EXERCISE INSTRUCTIONS » Character for character, transcribe the entries below, minus the images.

DATA LISTING »
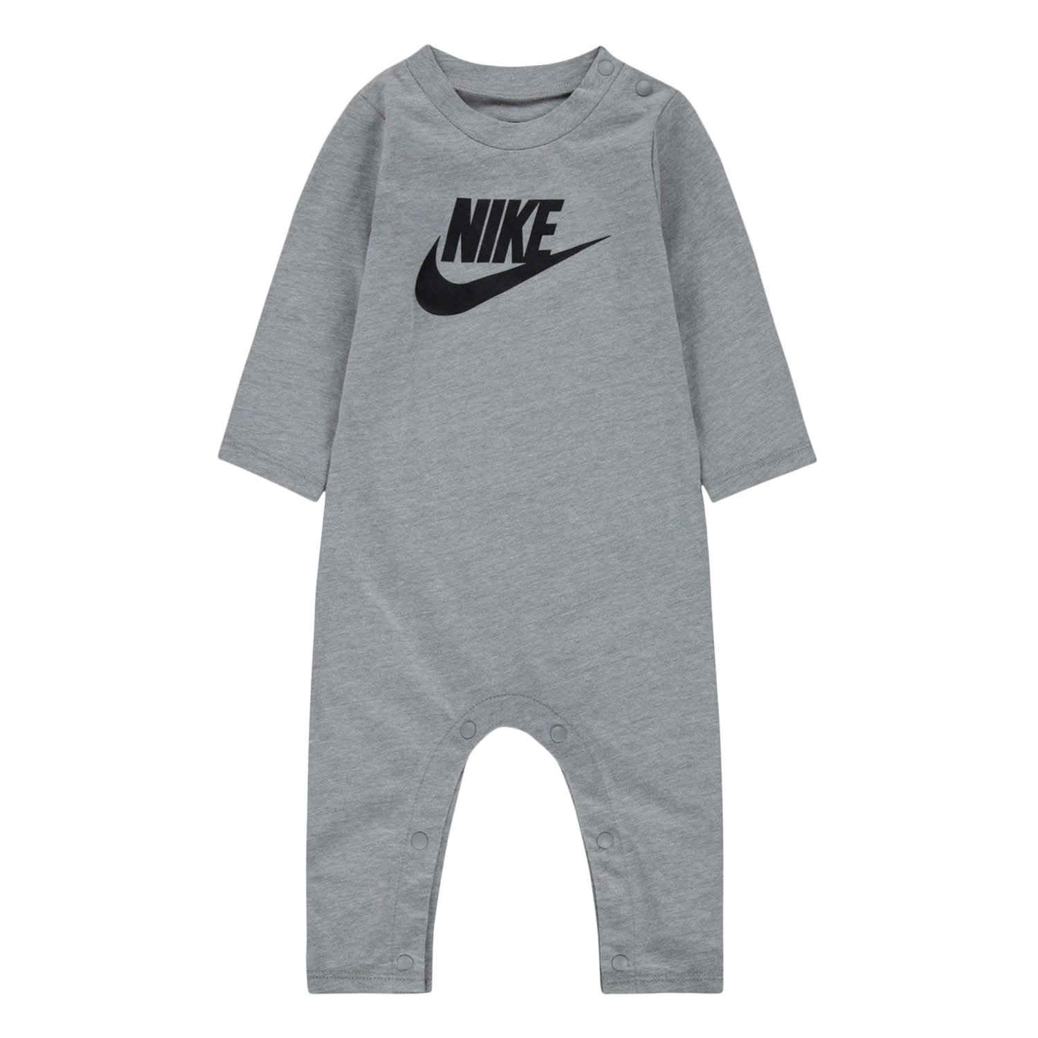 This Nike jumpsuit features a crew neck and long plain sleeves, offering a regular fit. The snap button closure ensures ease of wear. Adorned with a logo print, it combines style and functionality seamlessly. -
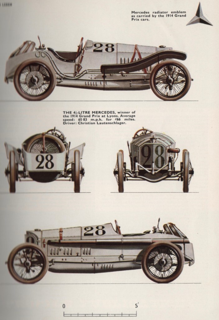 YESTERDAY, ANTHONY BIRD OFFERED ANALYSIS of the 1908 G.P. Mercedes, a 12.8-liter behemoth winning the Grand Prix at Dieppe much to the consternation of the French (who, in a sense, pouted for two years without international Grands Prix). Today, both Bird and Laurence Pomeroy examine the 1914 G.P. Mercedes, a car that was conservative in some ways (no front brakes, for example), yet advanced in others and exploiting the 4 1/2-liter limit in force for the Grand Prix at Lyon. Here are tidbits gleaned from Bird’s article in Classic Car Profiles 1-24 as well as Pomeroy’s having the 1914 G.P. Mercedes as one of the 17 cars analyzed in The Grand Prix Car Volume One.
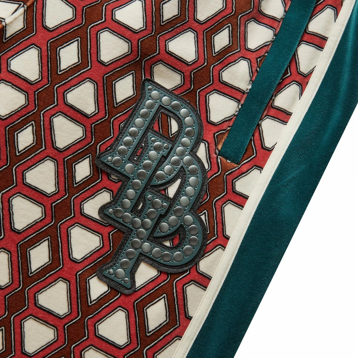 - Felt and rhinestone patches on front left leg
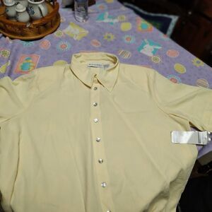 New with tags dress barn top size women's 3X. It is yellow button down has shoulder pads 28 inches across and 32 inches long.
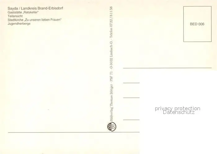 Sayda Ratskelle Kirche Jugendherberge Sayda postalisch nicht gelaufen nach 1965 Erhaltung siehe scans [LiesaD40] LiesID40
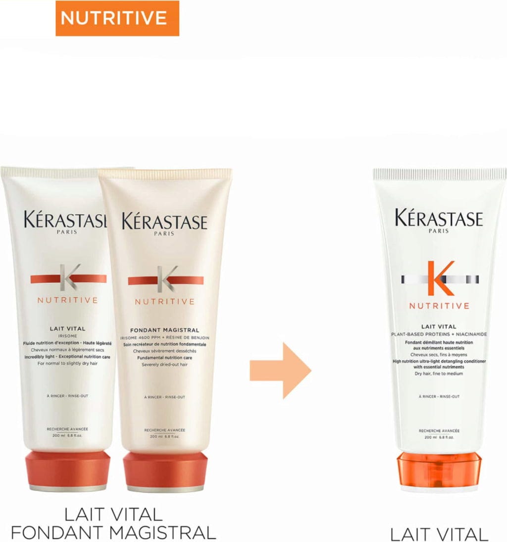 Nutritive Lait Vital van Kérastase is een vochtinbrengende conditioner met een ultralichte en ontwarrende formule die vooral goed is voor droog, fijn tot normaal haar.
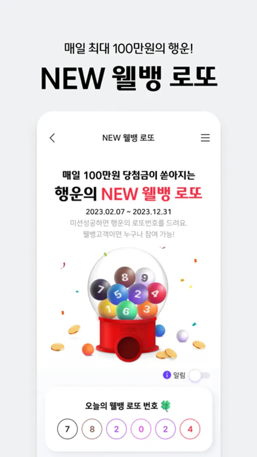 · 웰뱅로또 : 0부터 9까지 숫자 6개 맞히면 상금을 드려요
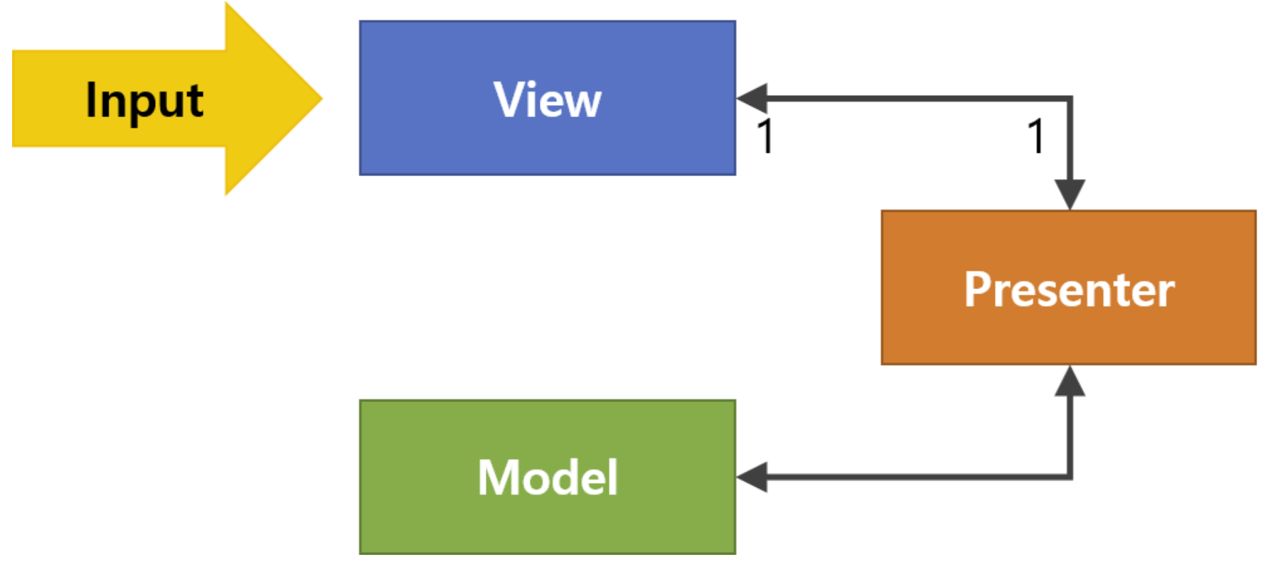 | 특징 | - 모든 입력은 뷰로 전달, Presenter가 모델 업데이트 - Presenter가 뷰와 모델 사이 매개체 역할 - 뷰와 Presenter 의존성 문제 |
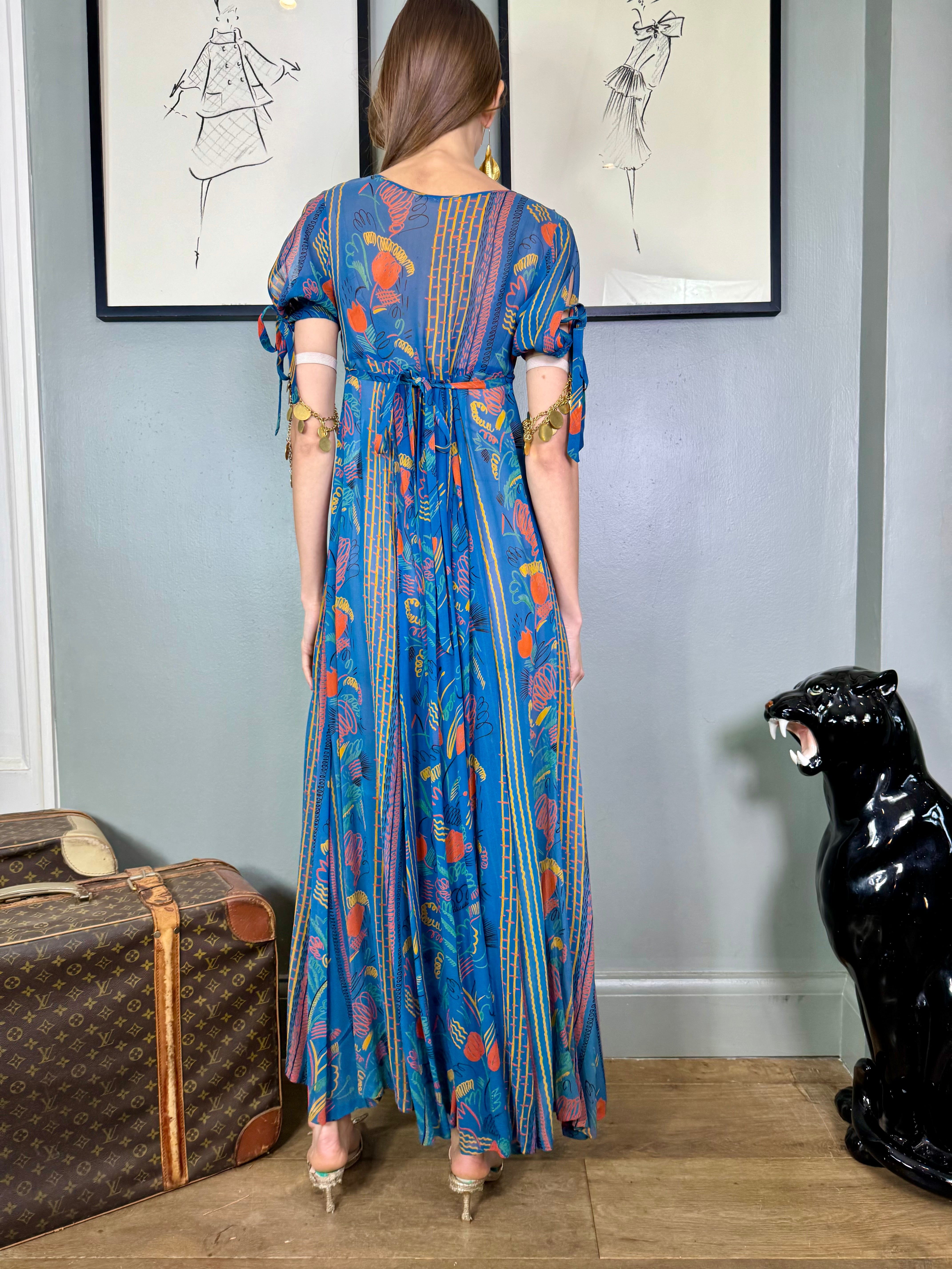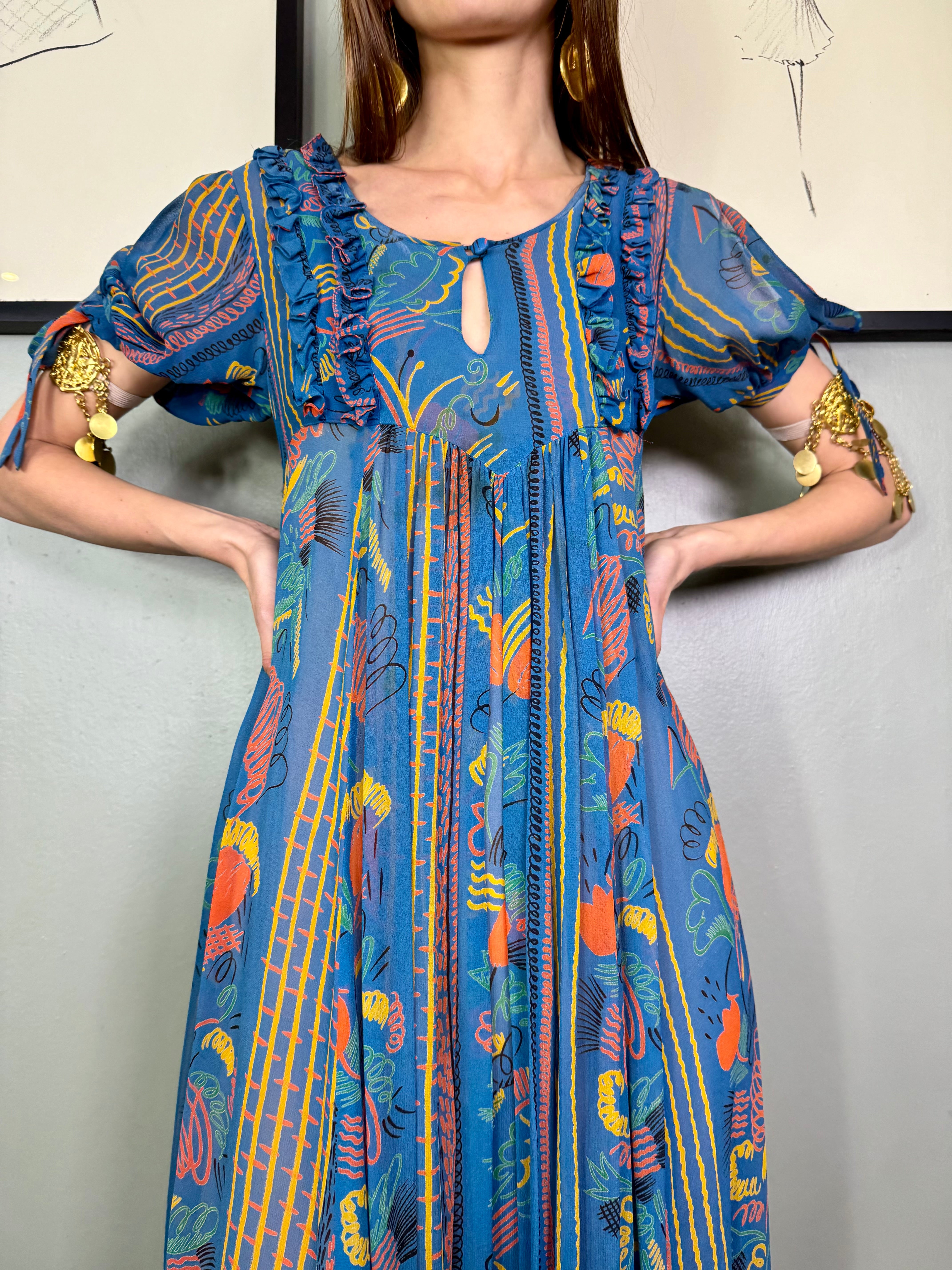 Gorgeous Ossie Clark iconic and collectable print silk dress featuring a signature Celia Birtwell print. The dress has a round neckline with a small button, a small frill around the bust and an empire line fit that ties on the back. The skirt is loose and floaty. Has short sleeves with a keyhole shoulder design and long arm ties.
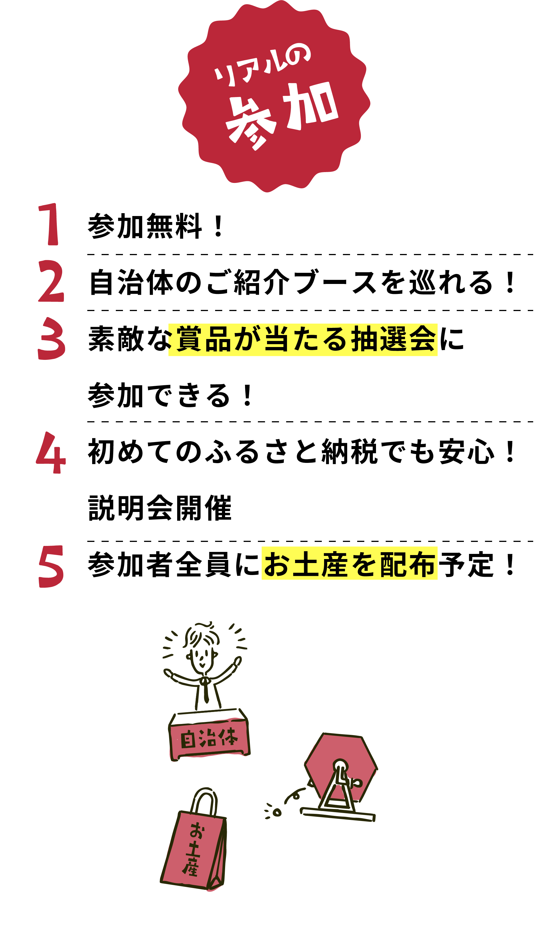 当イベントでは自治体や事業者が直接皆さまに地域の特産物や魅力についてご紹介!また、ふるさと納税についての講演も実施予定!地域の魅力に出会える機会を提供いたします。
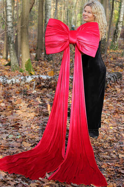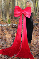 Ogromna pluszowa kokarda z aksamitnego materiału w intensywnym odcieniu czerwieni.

SOLUTION BELOW »
 This Nike jumpsuit features a crew neck and long plain sleeves, offering a regular fit. The snap button closure ensures ease of wear. Adorned with a logo print, it combines style and functionality seamlessly. -
 YESTERDAY, ANTHONY BIRD OFFERED ANALYSIS of the 1908 G.P. Mercedes, a 12.8-liter behemoth winning the Grand Prix at Dieppe much to the consternation of the French (who, in a sense, pouted for two years without international Grands Prix). Today, both Bird and Laurence Pomeroy examine the 1914 G.P. Mercedes, a car that was conservative in some ways (no front brakes, for example), yet advanced in others and exploiting the 4 1/2-liter limit in force for the Grand Prix at Lyon. Here are tidbits gleaned from Bird’s article in Classic Car Profiles 1-24 as well as Pomeroy’s having the 1914 G.P. Mercedes as one of the 17 cars analyzed in The Grand Prix Car Volume One.
 - Felt and rhinestone patches on front left leg
 New with tags dress barn top size women's 3X. It is yellow button down has shoulder pads 28 inches across and 32 inches long.
 Sayda Ratskelle Kirche Jugendherberge Sayda postalisch nicht gelaufen nach 1965 Erhaltung siehe scans [LiesaD40] LiesID40
 Nutritive Lait Vital van Kérastase is een vochtinbrengende conditioner met een ultralichte en ontwarrende formule die vooral goed is voor droog, fijn tot normaal haar.
 · 웰뱅로또 : 0부터 9까지 숫자 6개 맞히면 상금을 드려요
 | 특징 | - 모든 입력은 뷰로 전달, Presenter가 모델 업데이트 - Presenter가 뷰와 모델 사이 매개체 역할 - 뷰와 Presenter 의존성 문제 |
 Gorgeous Ossie Clark iconic and collectable print silk dress featuring a signature Celia Birtwell print. The dress has a round neckline with a small button, a small frill around the bust and an empire line fit that ties on the back. The skirt is loose and floaty. Has short sleeves with a keyhole shoulder design and long arm ties.
 当イベントでは自治体や事業者が直接皆さまに地域の特産物や魅力についてご紹介!また、ふるさと納税についての講演も実施予定!地域の魅力に出会える機会を提供いたします。
 Ogromna pluszowa kokarda z aksamitnego materiału w intensywnym odcieniu czerwieni.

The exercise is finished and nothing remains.